Beckenschiefstand und Beinlängendifferenz

Was versteht man unter einem Beckenschiefstand?

BeckenschiefstandEin Beckenschiefstand entsteht, wenn die Beine unterschiedliche Länge haben. Diese Beinlängendifferenz kann einerseits – durch einen Unfall oder eine Krankheit hervorgerufen oder angeboren – anatomisch bedingt sein, oder aber es handelt sich um eine funktionelle Beinlängendifferenz, der ursprünglich Muskelverspannungen oder Fehlhaltung zugrunde liegt. Da das Becken von den Beinen getragen wird, passt es sich diesen an und stellt sich bei unterschiedlicher Beinlänge schief.

Steht das Becken schief, versucht der Rücken dies auszugleichen.
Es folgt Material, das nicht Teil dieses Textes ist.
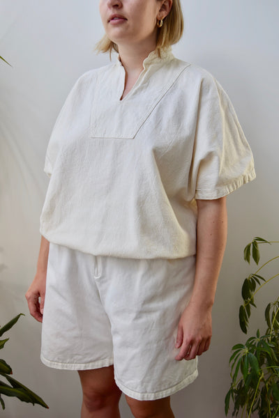 Tilley Cotton Cream Short Sleeve Blouse. Band Collar. Slit V Neckline. Elastic Waistband.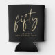 Fun black can coolers for your 50th birthday party featuring "fifty" showcased in a chic gold script and your name in modern gold lettering.

Die Wirbelsäule wird seitwärts verkrümmt, es kommt zu einer Skoliose. Der Rücken ist in der Lage kleine Längendifferenzen zu kompensieren. Handelt es sich aber um einen großen Längenunterschied zwischen den Beinen, hat dies eine starke Skoliose zur Folge. Diese kann zu äußerst schmerzhaften Kreuzschmerzen, Abnutzungserscheinungen, Bandscheibenvorfällen, aber auch zu schmerzhaften Muskelverspannungen mit Kopfschmerzen und Sensibilitätsstörungen führen.

Echte Beinlängendifferenzen sind häufig:

  • 10% der Menschen haben Beinlängendifferenzen von über 1 cm.
  • Friedberg: Er untersuchte radiologisch 359 symptomlose Soldaten und fand dabei heraus:
  • 56 % hatten Beinlängendifferenz von 0-4 mm
  • 30% hatten Differenzen von 5-9 mm
  • 14% hatten Differenzen von 1 cm
  • Zwei von drei chronischen Patienten mit Kreuzschmerzen haben radiologisch nachgewiesene Beinlängendifferenzen.

Beinlängendifferenzen führen zu einer schrägen Kreuzbeinbasis mit einer Kompensation der gesamten Wirbelsäule (Rotoskoliose). Andererseits wird eine schräge Kreuzbeinbasis, unabhängig von der Ursache, immer eine Iliumrotation mit sich ziehen, wodurch sich die Beinlänge ändert.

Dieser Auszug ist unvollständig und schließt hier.